### GOAL OF THE EXERCISE:
Omitting all pictures, copy word for word the lines from the line containing "Сковорода Pintinox c" through the final line of the entries.

(Stored entries)
┌──
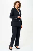 Детали: высокая посадка, притачной пояс со шлевками, передние половины с небольшими застроченными мягкими складками и заутюженными стрелками, застежка на молнию и пуговицу, боковые карманы. Задние части брюк с вытачками и заутюженными стрелками. Пояс брюк прямой, без резинки.
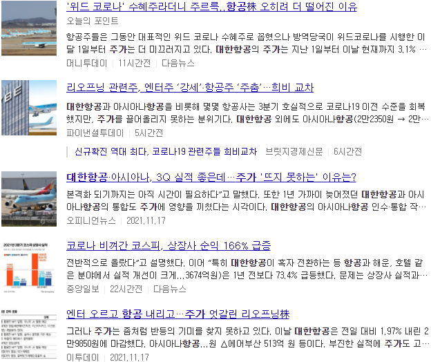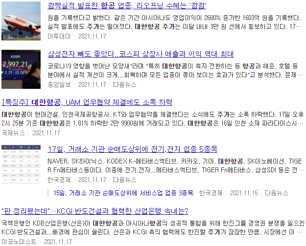 대한항공 주가 언론보도 자료
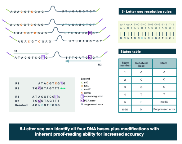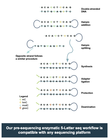 To overcome these challenges of combined genetic and epigenetic analysis, we developed 5-Letter seq, a whole genome methodology that can capture all four canonical bases as well as modified C in a single workflow that is compatible with any sequencing platform. Our platform consists of a pre-sequencing enzymatic workflow that uses standard molecular biology techniques to prepare the sample for sequencing, as well as decoding software to resolve the raw sequencing data. In this work, we used an Illumina NovaSeq NGS instrument, but other sequencing adapters can be substituted, meaning the workflow can be used with any sequencing platform capable of decoding at least four genetic bases.
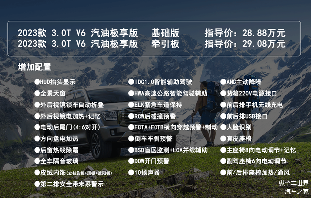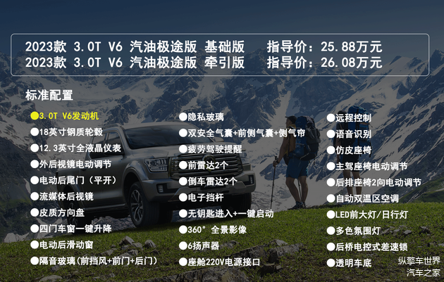 在售车型中,如果你更偏重于它的工具车属性,入门级的2.4T柴油极途版配置够用,价格更低,同时后续的养护成本也相对低一些,扭矩方面也比3.0T V6柴油版差不了多少,脱困能力也是有的。如果你除了偶尔拉点货物,同时还要兼顾家用,更推荐3.0T V6汽油极享版,一是汽油版的静谧性更好,二是它的舒适配置和驾驶辅助功能都能带来更好、更安全的体验。当然如果你是一位狂热的越野爱好者,预算充足的情况下顶配车型才能更好的满足你。
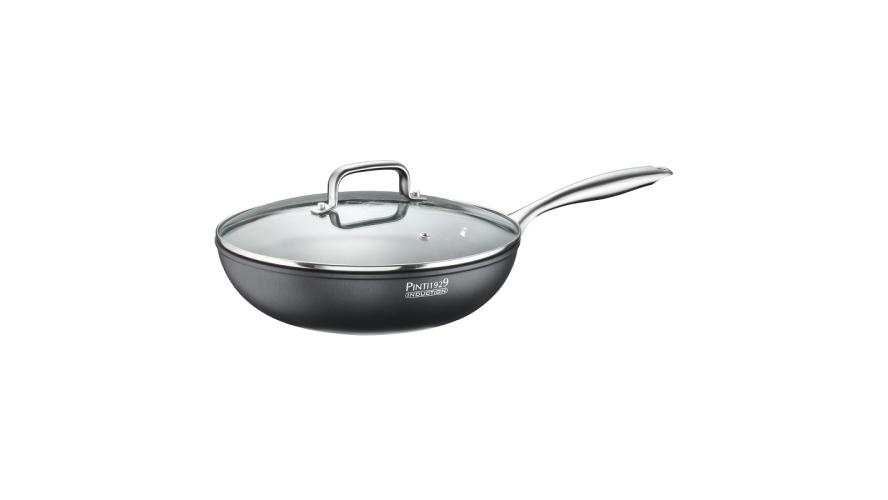 Сковорода Pintinox c антипригарным покрытием QuanTanium® от Whitford. Сковорода глубокая в комплекте со стеклянной крышкой.
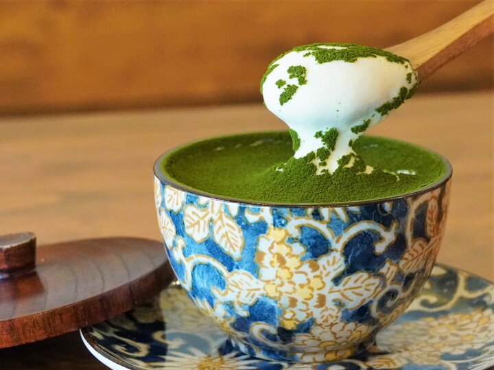ラテアートは「抹茶ラテ」や「ほうじ茶ラテ」(660円)にも。繊細なリーフとお花のモチーフをシンプルな刷毛目の抹茶茶碗に描いていきます。口あたりもマイルドで、愛でてよし飲んでよしの秀逸なラテです。
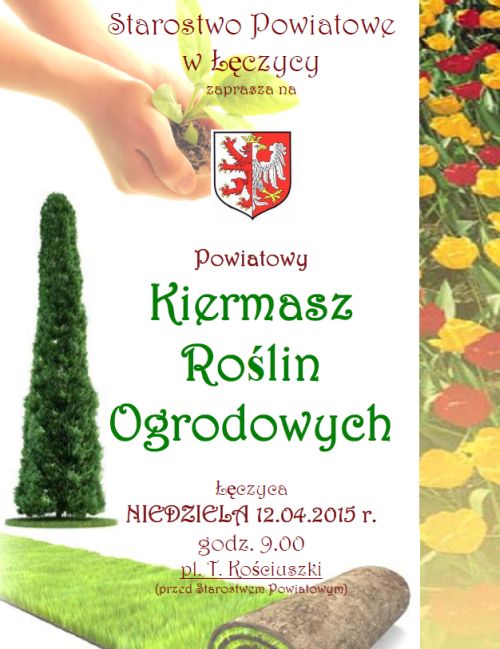 AktualnościStarostwo Powiatowe w Łęczycy zaprasza na Powiatowy Kiermasz Roślin Ogrodowych. Kiermasz będzie miał miejsce w niedzielę, o godzinie 9:00 na Placu Kościuszki (przed budynkiem Starostwa Powiatowego).
└──
### TASK OUTPUT:
 Сковорода Pintinox c антипригарным покрытием QuanTanium® от Whitford. Сковорода глубокая в комплекте со стеклянной крышкой.
ラテアートは「抹茶ラテ」や「ほうじ茶ラテ」(660円)にも。繊細なリーフとお花のモチーフをシンプルな刷毛目の抹茶茶碗に描いていきます。口あたりもマイルドで、愛でてよし飲んでよしの秀逸なラテです。
 AktualnościStarostwo Powiatowe w Łęczycy zaprasza na Powiatowy Kiermasz Roślin Ogrodowych. Kiermasz będzie miał miejsce w niedzielę, o godzinie 9:00 na Placu Kościuszki (przed budynkiem Starostwa Powiatowego).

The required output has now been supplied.